--- DATA PROVIDED ---
──────

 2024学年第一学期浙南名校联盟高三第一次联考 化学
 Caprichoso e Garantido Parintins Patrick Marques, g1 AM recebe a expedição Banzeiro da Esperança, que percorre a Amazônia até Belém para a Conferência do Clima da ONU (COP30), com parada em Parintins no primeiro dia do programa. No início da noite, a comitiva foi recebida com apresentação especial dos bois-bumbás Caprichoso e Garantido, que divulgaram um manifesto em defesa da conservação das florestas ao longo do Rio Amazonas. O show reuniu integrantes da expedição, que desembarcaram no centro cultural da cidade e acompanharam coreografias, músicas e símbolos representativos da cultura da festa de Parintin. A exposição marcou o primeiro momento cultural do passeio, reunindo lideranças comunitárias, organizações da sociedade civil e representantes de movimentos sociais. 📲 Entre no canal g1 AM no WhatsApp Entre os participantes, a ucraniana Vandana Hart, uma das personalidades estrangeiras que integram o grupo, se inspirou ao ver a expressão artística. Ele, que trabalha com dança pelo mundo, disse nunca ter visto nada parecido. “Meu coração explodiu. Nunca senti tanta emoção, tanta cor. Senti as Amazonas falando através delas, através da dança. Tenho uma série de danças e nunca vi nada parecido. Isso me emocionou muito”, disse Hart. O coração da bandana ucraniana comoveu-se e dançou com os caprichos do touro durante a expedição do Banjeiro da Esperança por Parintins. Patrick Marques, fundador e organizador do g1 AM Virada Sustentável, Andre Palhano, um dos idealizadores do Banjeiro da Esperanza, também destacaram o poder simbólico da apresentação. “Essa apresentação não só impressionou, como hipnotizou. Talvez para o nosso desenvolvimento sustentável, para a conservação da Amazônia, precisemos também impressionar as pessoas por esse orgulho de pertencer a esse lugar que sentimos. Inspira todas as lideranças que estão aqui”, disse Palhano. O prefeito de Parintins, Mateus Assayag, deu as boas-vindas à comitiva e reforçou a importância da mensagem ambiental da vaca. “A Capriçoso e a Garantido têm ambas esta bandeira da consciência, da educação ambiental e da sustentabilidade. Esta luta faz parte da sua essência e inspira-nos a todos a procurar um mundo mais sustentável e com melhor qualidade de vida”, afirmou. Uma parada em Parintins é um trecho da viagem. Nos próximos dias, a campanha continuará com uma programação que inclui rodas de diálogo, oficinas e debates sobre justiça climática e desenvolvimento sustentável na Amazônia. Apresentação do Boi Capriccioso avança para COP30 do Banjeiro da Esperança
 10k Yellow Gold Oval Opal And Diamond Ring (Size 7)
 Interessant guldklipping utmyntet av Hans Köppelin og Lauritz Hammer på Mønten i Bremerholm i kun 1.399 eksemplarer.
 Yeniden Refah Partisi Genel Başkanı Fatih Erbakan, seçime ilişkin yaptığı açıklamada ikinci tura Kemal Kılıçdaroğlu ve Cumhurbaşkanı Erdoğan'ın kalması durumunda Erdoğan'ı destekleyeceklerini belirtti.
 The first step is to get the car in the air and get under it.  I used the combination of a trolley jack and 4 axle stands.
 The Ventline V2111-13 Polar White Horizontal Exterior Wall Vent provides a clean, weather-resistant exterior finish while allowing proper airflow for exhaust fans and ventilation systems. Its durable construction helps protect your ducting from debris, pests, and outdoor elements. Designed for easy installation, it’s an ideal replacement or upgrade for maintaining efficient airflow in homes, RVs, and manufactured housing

──────

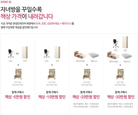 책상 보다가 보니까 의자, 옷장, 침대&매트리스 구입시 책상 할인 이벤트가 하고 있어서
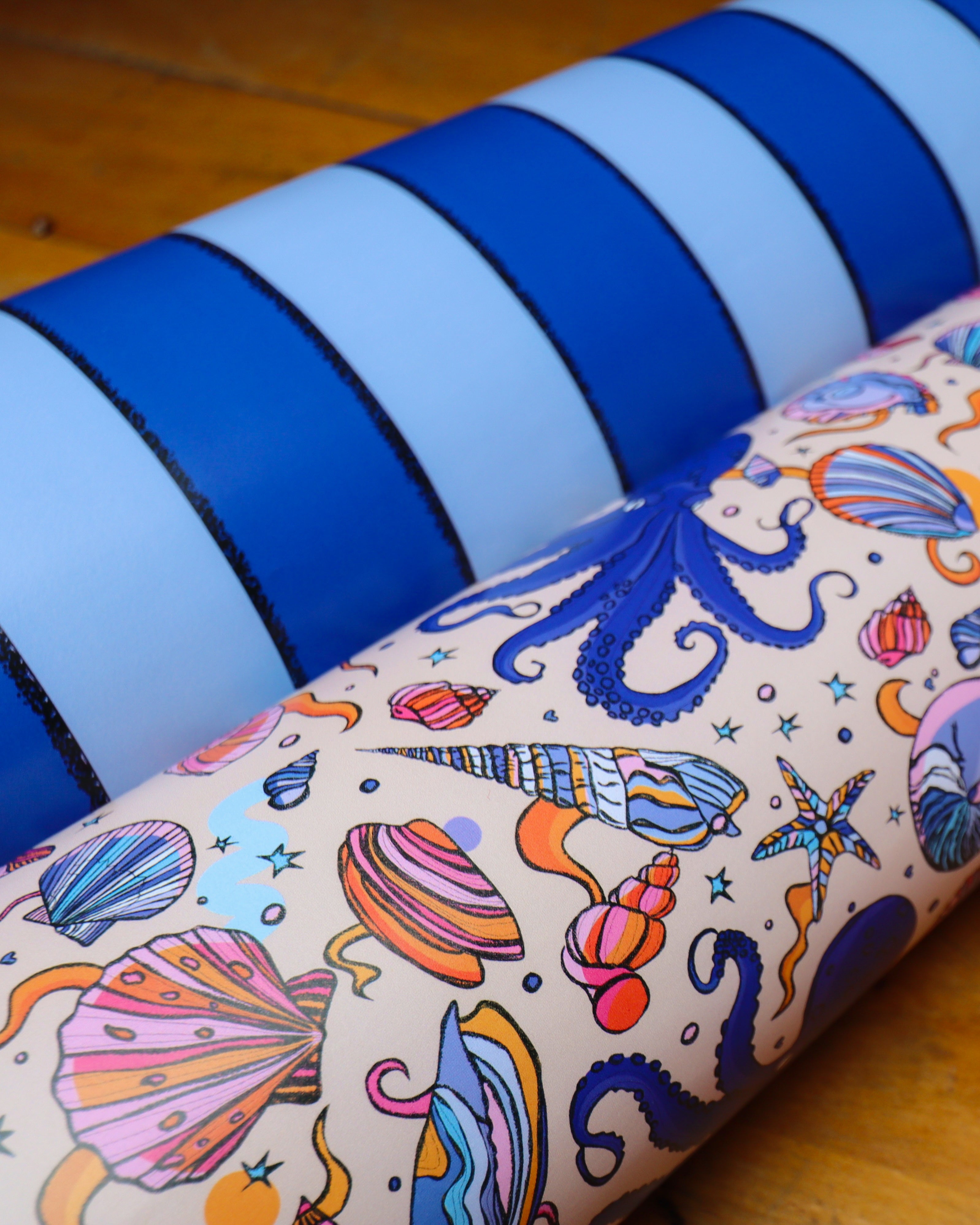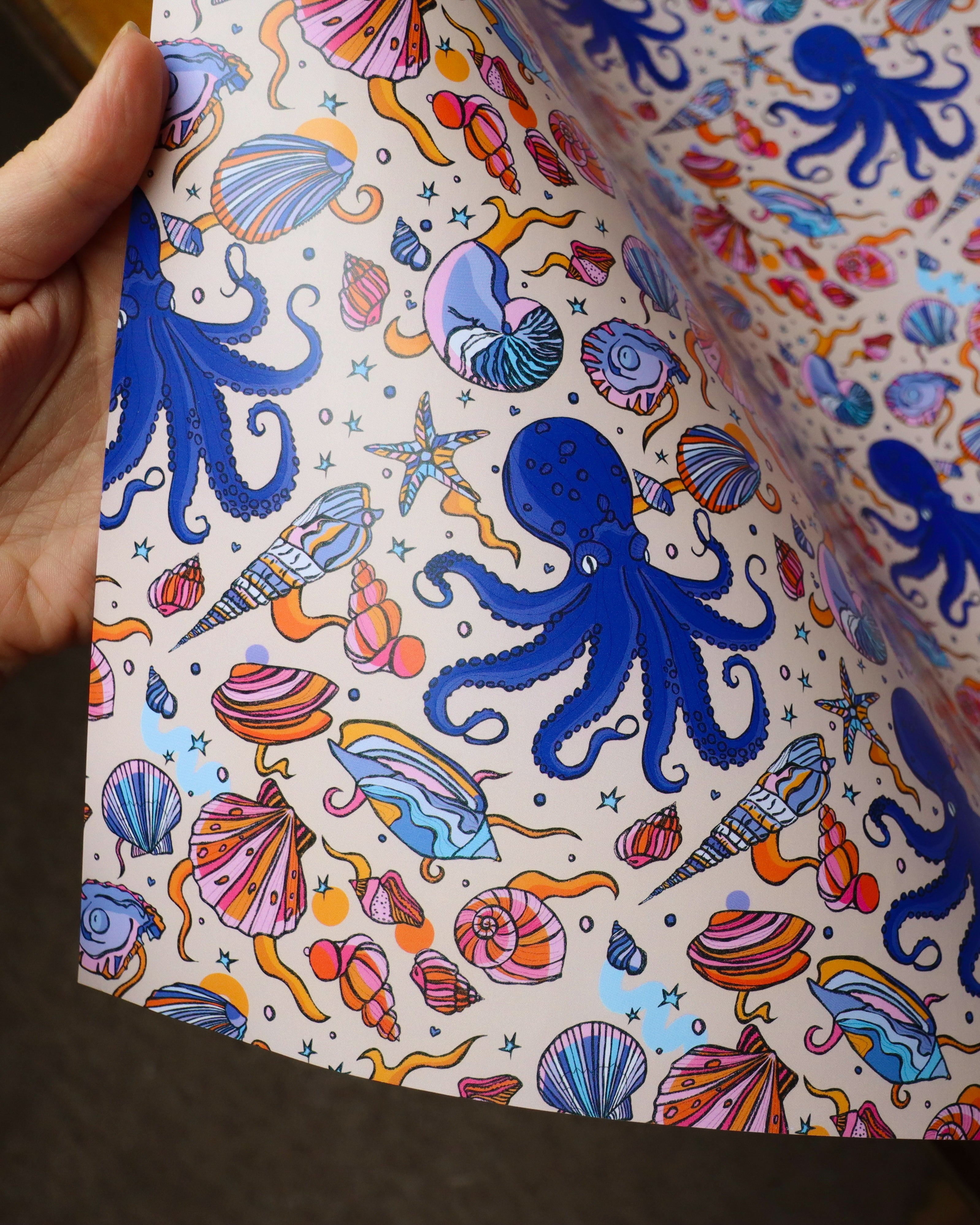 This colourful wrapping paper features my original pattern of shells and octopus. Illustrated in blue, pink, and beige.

──────

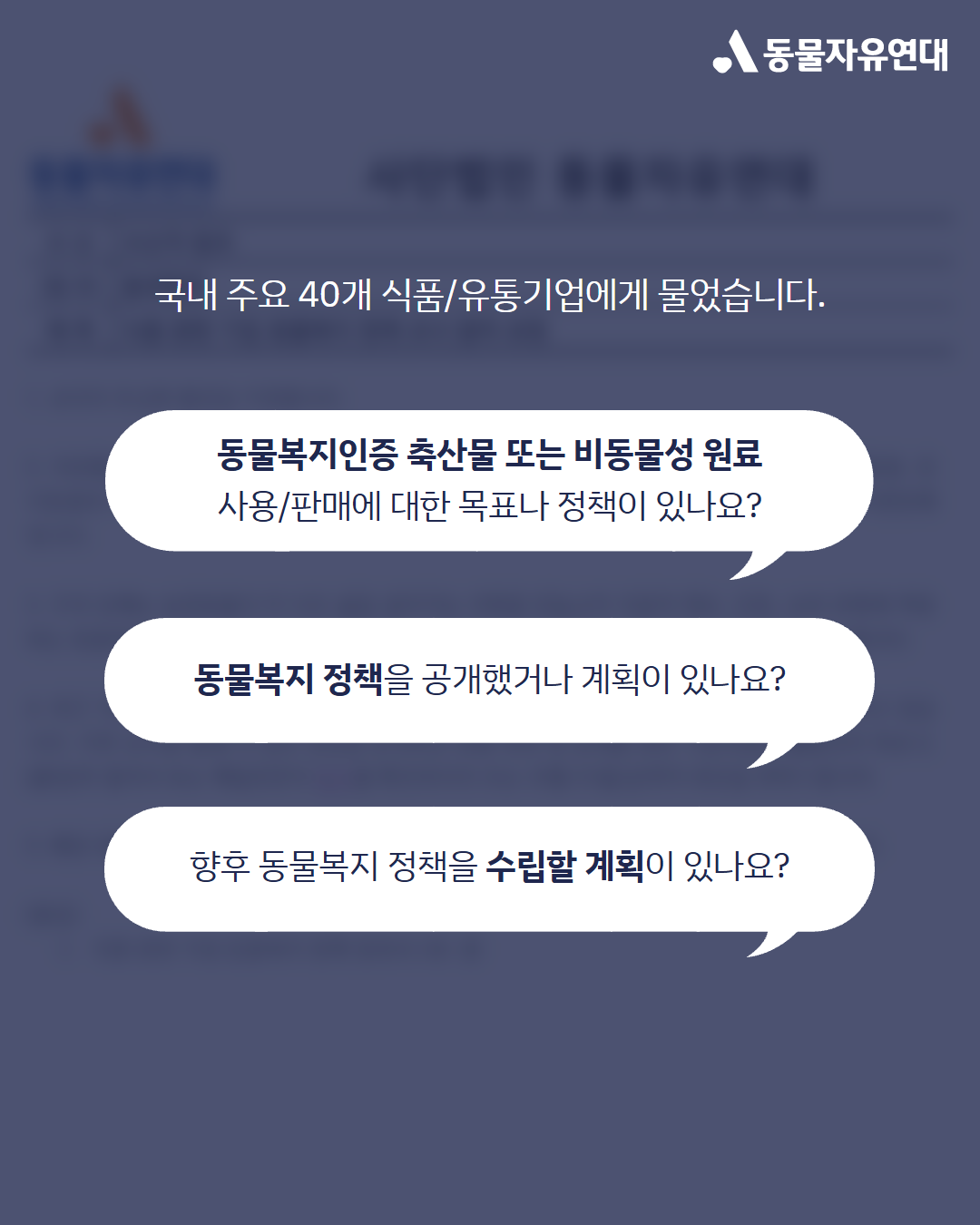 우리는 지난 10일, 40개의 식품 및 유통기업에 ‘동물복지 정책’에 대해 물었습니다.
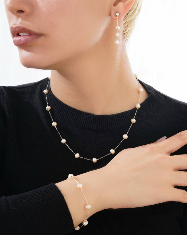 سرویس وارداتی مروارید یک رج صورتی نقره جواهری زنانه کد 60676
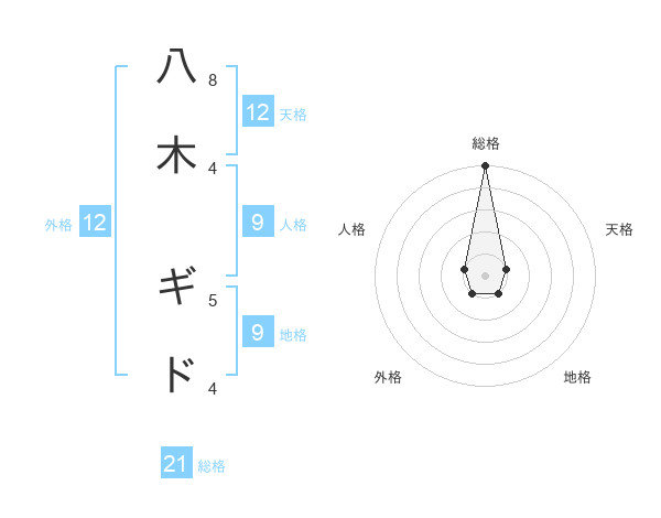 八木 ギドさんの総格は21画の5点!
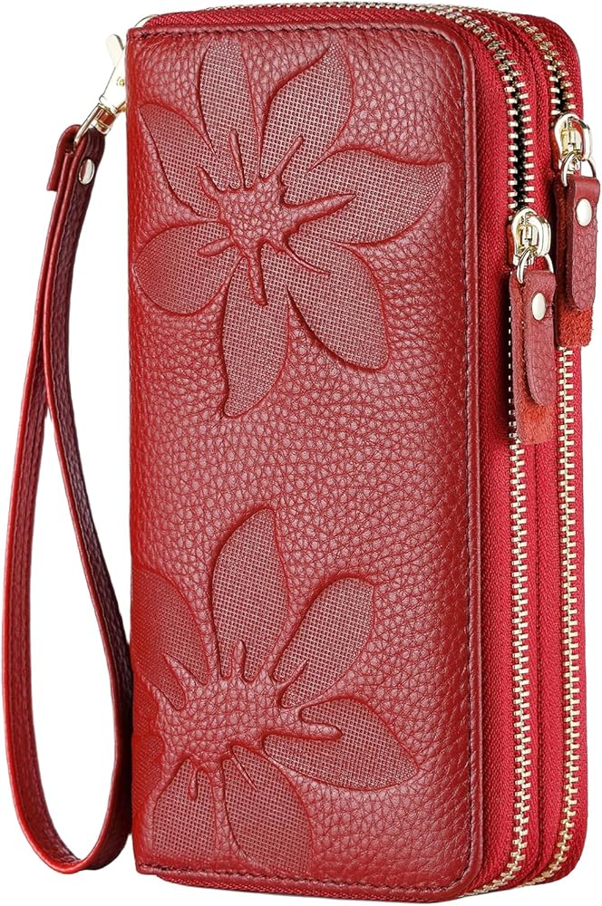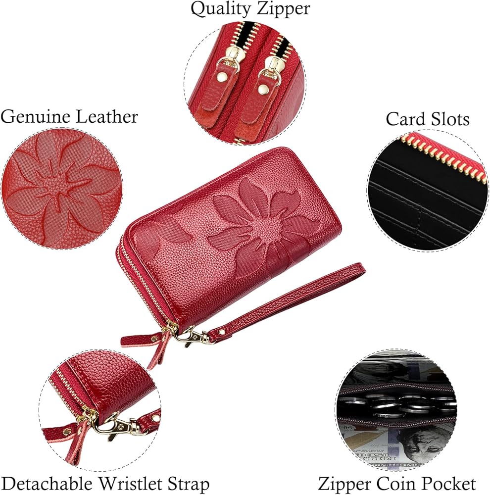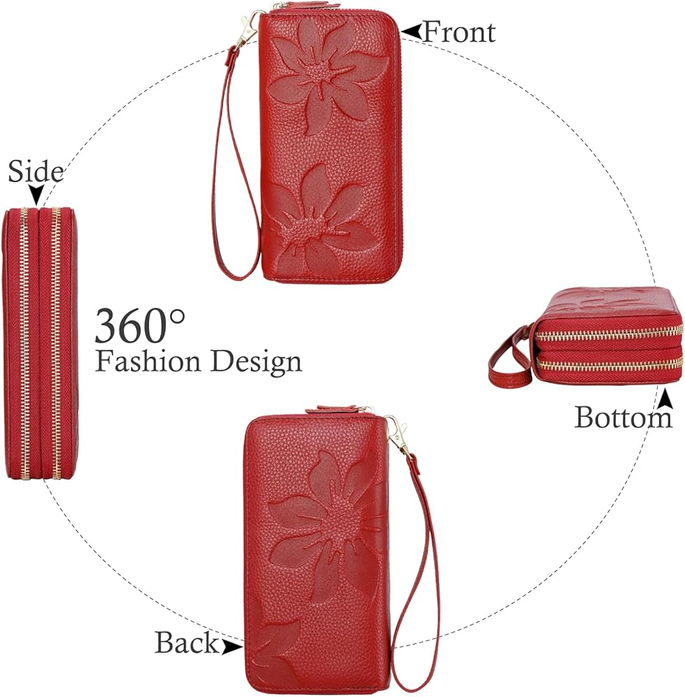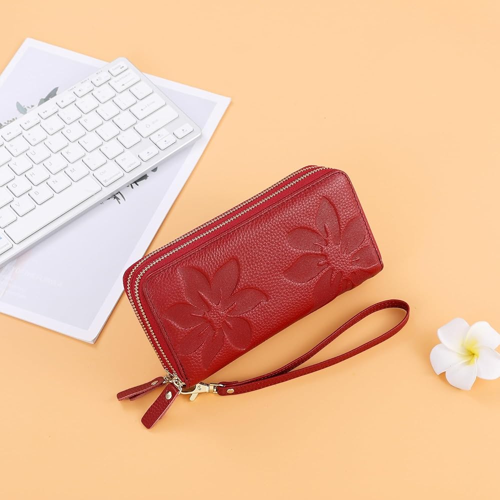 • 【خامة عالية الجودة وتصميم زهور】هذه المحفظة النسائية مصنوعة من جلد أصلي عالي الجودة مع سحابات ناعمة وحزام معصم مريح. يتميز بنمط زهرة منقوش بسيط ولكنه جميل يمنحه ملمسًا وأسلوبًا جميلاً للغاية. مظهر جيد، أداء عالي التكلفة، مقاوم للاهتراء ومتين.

──────

--- WHAT THIS TASK INVOLVES ---
What you return should be exactly the lines above, starting at the one with "Interessant guldklipping utmyntet" and ending at the one with "Yeniden Refah Partisi", and nothing else.

--- PROBLEM SOLUTION ---
 Interessant guldklipping utmyntet av Hans Köppelin og Lauritz Hammer på Mønten i Bremerholm i kun 1.399 eksemplarer.
 Yeniden Refah Partisi Genel Başkanı Fatih Erbakan, seçime ilişkin yaptığı açıklamada ikinci tura Kemal Kılıçdaroğlu ve Cumhurbaşkanı Erdoğan'ın kalması durumunda Erdoğan'ı destekleyeceklerini belirtti.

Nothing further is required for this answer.